Overcoming the Interoperability Barrier in Mixed-Criticality Systems

Concurrent engineering of system parts with diverging requirements can be extremely challenging. One example are mixed-criticality systems that integrate hard real-time software for safety–critical functionality and general purpose software providing a sophisticated user interface. The automotive industry, as well as other industrial branches, has a growing need to integrate consumer electronics applications (e.g. Linux based) and safety-relevant applications requiring an underlying hard real-time operating system. Some established concepts for mixed-criticality systems can be found in the avionics domain. This paper demonstrates that the principles behind these concepts are a dead end regarding innovations requiring a close interoperation. The second contribution of the paper is to present a different solution approach as a potential remedy that allows the different developer groups (hard real-time and standard IT) to retain their attitude to software development. The core of the novel approach is a worst-case execution time (WCET) directed OS service, which could serve as solution pattern for further problems in mixed-criticality systems.
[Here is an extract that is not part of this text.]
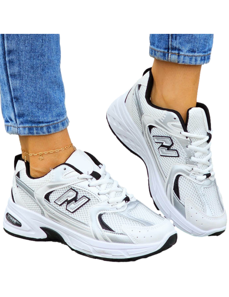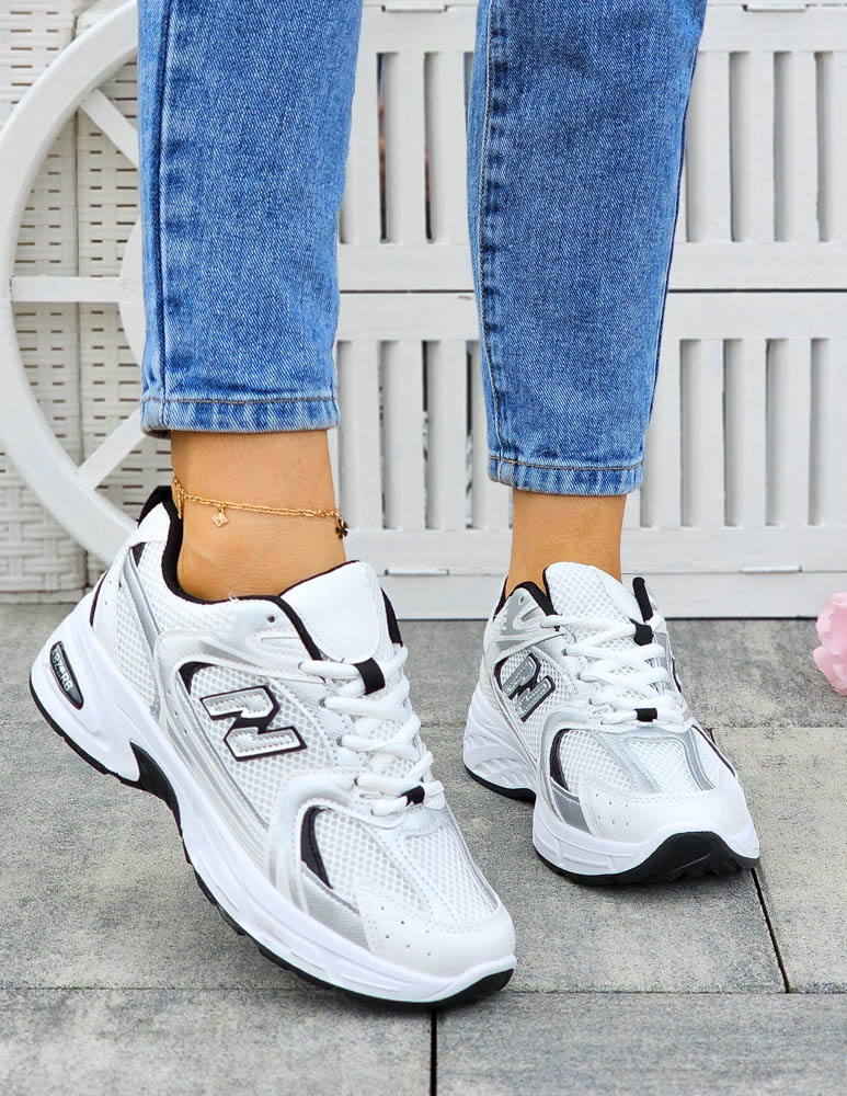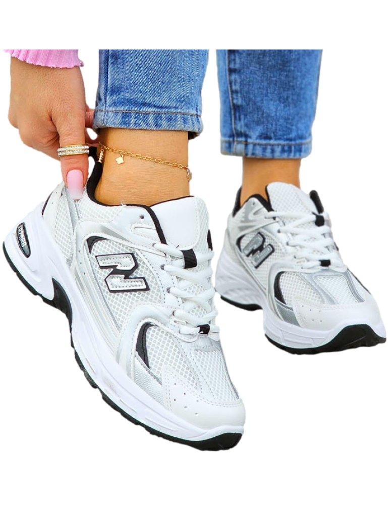 - Kod produktu: Biało-Srebrne Sneakersy Buty Sportowe Na Platformie New B 530

Towards an evaluation infrastructure for automotive multicore real-time operating systems

The automotive industry is on the road to multicore and already included supporting features in their AUTOSAR standard, yet they could not decide for a multicore resource locking protocol. It is crucial for the future acceptance and possibilities of multicore systems to allow for informed decisions on this topic, as it immediately impacts the inter-core communication performance and thereby the value-cost ratio of such systems. We present the design of a real-time operating system simulator that allows to evaluate the different multicore synchronisation mechanisms of the real-time research community regarding their fitness for automotive hard real-time applications. You can reuse the key design idea of this simulator for any simulation based tool for the early timing evaluation of different real-time mechanisms, e. g. scheduling algorithms.
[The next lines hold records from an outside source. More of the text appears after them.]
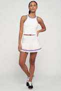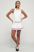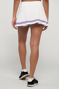 The Club Skort is a best seller. It has the classic pleats all around with two contrast stripes near the hem. This skort is designed in a lightweight stretch woven and tonal knit fabric for the waistband and undershorts. It is a body skimming fit.
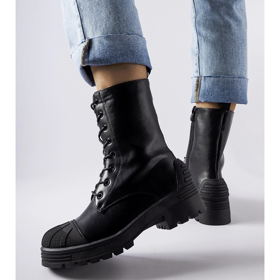 Czarne workery Manara to ocieplane, przykuwające wzrok botki damskie o modernistycznym charakterze. Wykonane ze skóry ekologicznej, wyposażone w sznurowanie i zamek błyskawiczny — idealne na sezon jesień–zima.
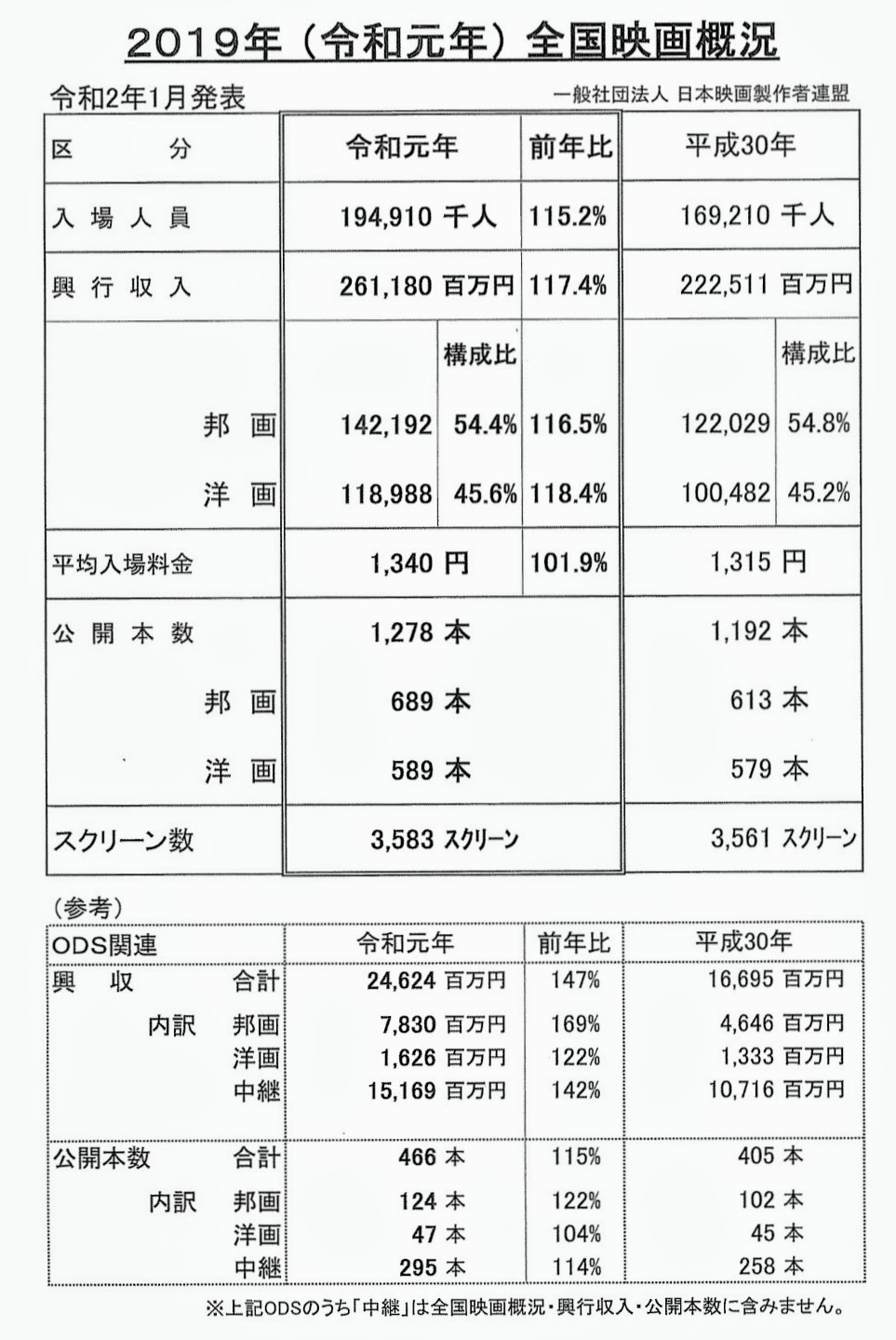 ちなみに日本映画製作者連盟では、映画館で最初に公開される作品を「映画」と規定している。近年はネット配信作品や、音楽コンサート、演劇、やスポーツ中継、オリジナルビデオアニメ、映画館以外のために作られた作品をスクリーン公開する「ODS」(Other Digital Stuff=映画以外のコンテンツ)が急速に増えており、ライブ中継以外のコンテンツの興行収入も2012年から集計に算入している。2019年度は246億2400万円(前年比147%)である。ただしODSはあくまでも「映画」ではないという立場だ。

SimTrOS: A heterogenous abstraction level simulator for multicore synchronization in real-time systems

Abstract To provide a common ground for the comparison of real-time multicore synchronization protocols we developed a framework that supports heterogenous levels of abstraction for simulated functionality and simulated timing. Our intention is to make the simulator available to the real-time research community and industrial users. For the latter we initially focus on automotive real-time systems. This paper describes the simulation framework and the novel idea of heterogenous abstraction levels that lies at the heart of its design. Notwithstanding the clear focus, we believe that the simulator itself as well as the concept of heterogenous abstraction levels can be useful in a significantly broader way.
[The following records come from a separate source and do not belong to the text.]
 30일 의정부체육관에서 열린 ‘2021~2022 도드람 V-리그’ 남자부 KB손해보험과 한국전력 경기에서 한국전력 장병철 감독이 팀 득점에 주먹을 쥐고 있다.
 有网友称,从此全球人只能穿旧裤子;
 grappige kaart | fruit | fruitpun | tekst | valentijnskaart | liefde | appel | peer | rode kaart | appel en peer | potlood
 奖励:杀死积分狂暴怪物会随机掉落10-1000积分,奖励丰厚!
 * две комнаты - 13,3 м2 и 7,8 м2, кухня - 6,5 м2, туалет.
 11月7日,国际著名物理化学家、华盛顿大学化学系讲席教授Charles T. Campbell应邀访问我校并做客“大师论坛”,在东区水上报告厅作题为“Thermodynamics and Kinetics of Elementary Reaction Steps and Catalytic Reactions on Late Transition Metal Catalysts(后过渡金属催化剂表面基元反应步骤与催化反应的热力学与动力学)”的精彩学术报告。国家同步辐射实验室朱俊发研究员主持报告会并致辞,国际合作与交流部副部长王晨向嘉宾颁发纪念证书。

Automated planning of charge processes for privately owned electric vehicles

Following the vision of decentrally generated and locally out-balanced renewable electric energy the research project econnect Germany investigates the end user acceptance of Vehicle2Grid and Grid2Vehicle applications. The algorithm used to compute the charging/discharging of individual batteries in electric vehicles (EV) will be an essential factor for end user acceptance. This is because it controls the achievable driving range and the cost savings for the individual user of an electric vehicle. Additionally, the algorithm has to allow for an effective control by the energy provider to compensate for the natural fluctuations of wind and solar energy in the region. As the final authority to decide about charging/discharging needs to be the battery management system of the EV, it is a natural choice to embed the algorithm in an electronic control unit of the car. This paper presents an algorithm designed to meet these requirements and demonstrates that it scales down to the low computing power of embedded automotive systems.